Пилар, действительно, была красивой женщиной. На фотографии она улыбалась. Она стояла посреди пшеничного поля в голубой рубашке, ладони опустив на большой круглый живот. У нее были темные волосы, тугие кудри лежали на плечах, добрый взгляд и маленькая родинка над верхней губой.

— Там у нее моя дочь, — сообщил Сукре. — Вот бы увидеть ее, и тогда не страшно.

«Не страшно умереть», — додумал за него Стив.

Сукре на старых фотографиях тоже был с буйными кудрями, но сейчас, как и любой другой военнослужащий, носил короткую стрижку. Дженаро Сукре, мексиканец по происхождению, родом из Сан-Диего, штат Калифорния, говорил с акцентом, а ругался исключительно на испанском. По его словам, в испанском языке самые лучшие, исчерпывающие и красивые ругательства. Его, как и пятерых сестер, воспитали мать с отцом, оба выходцы из рабочего класса. В старшей школе Рино чуть было не ввязался в разборки уличных банд, приторговывающих наркотиками, и отец отправил его в армию, потому что считал, что умереть за страну — значит, умереть с честью. По крайней мере, говорил Рино Сукре старший, схлопотать пулю на войне лучше, чем в грязной подворотне.

— У тебя есть семья, Рич? — просил сержант Сукре.

— Да, у меня жена и дочь. Ей семь, — Ричард протянул Рино фотографию, и Стив мельком увидел на ней темноволосую женщину с ясным лицом и такую же девчушку.

— А что насчет тебя, капрал Уолдорф? — спросил Сукре, вернув фотографию журналисту, и Стив затаил дыхание. — Ты сегодня молчишь даже больше, чем обычно.

— Не хочу мешать вам фантазировать о доме.

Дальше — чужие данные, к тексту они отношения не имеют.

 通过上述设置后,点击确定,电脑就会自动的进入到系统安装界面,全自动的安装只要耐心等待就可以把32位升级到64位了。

Фантазии о возвращении в Штаты Уолдорф считала беспочвенными и глупыми. Потому что, сказала она, если хочешь вернуться, просто сделай это. А если нет, то не ной и делай то, что должен. Мысли о доме, о женах, мужьях и детях расхолаживают. Однажды, в те дни, когда они сидели в окопах, во время тех шести недель в Кувейте, Эбигейл разговорилась со Стивом. Оказалось, что в школе она была пухлой девчонкой, не занималась спортом, не была чирлидером, зато была капитаном дискуссионного клуба, играла на всех музыкальных инструментах, которые попадались ей под руку. То, что она записалась в корпус морской пехоты, перевернуло ее жизнь с ног на голову. Она отучилась в университете Пенсильвании и уже готова была начать стажировку, когда из Афганистана пришла весть о смерти парня, которого она любила. И тогда Эбигейл решила сменить роль стороннего наблюдателя на более подходящую. Иногда Стиву казалось, что подавляющее большинство парней и девушек в корпусе испытали шок, прежде чем оказались здесь. И решение Эбигейл, ее желание рисковать своей жизнью было хорошим тому примером. Теперь она не отличалась от остальных женщин-военных ни силой тела, ни духа.

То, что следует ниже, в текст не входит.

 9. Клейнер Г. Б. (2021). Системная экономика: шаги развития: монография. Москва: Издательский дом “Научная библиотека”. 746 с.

Взвод медленно продвигался на север к Багдаду, Сукре горланил песню на испанском, а когда закончил, сказал, что, выбравшись из этого ада, переедет в Мексику, станет фермером и будет выращивать лам и делать детей. Уолдорф посоветовала ему заткнуться и для начала спросить Пилар, согласна ли та на жизнь в окружении лам и целого выводка детей. Стив отвернулся к окну и улыбнулся, он и сам хотел сказать то же самое, но не решился бы, потому что Сукре был старше по званию, а для Стива иерархия была не просто словом. Дуглас научил его, что со старшим по званию нужно считаться, таким образом тебя самого повысят, не успеешь и глазом моргнуть.

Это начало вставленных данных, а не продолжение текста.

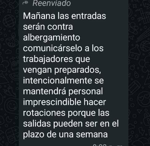 En dichas comunicaciones se informa que, debido a la escasez de combustible, las entradas al trabajo serán “contra albergamiento”. Es decir, los empleados deberán permanecer alojados en los hoteles durante varios días seguidos.

Сукре и Уолдорф общались друг с другом, как парочка старых женатиков. Уолдорф не бредила повышением, а Сукре был весельчаком больше, чем сержантом для своих подчиненных. На самом деле, они испытывали симпатию друг к другу и по-настоящему друг друга уважали. Уолдорф нравилась Сукре за то, что та не стеснялась в выражениях, не выбирала слова, за что часто получала от остальных, а Эбигейл находила Дженаро смелым, ответственным и верным, если не стране, так тем, кто служил под его началом. К тому же Рино высоко ценил Эбигейл, потому что та была одной из лучших наводчиц среди морских пехотинцев обоих полов. Самого Стива он тоже ценил и всячески оберегал, потому что тот одинаково хорошо стрелял и из карабина М4, и из высокоточной винтовки М16. Завоевать уважение и одобрение Сукре было не так легко, как могло показаться на первый взгляд, потому что он сам был человеком, обладающим высокими личными и профессиональными качествами. Если он кому и импонировал, это было по-настоящему. Его китель был усыпан медалями и он, руководитель разведгруппы был этим очень горд.

С пассажирского места слева ситуацию контролировал Стив, смотря на бесконечные иракские пустыни через свой карабин. Справа отдел прикрывала капрал Уолдорф. Еще одним пассажиром в «Хамви» был специалист Генри Хаммер — двадцатилетний парень родом из крошечного Колби, штат Канзас, сын фермеров. Он управлял автоматическим гранатометом, самым мощным оружием в машине, установленным на крыше «Хамви». Он стоял, наполовину высунувшись в люк, и его работа, вероятно, самая опасная, заключалась в том, чтобы постоянно следить за горизонтом и высматривать потенциальные угрозы. Иногда он проводил на ногах больше двадцати часов, за что остальные считали его очень выносливым и сильным, одним из лучших бойцов в роте. Физическая сила у морпехов была в почете. Сам Генри по этому поводу скромничал, таким уж он был, с виду худощавый, хорошо воспитанный, с благородным лицом. На комплименты он обычно отшучивался, говорил, что он силен и вынослив, как настоящий ковбой со Среднего Запада.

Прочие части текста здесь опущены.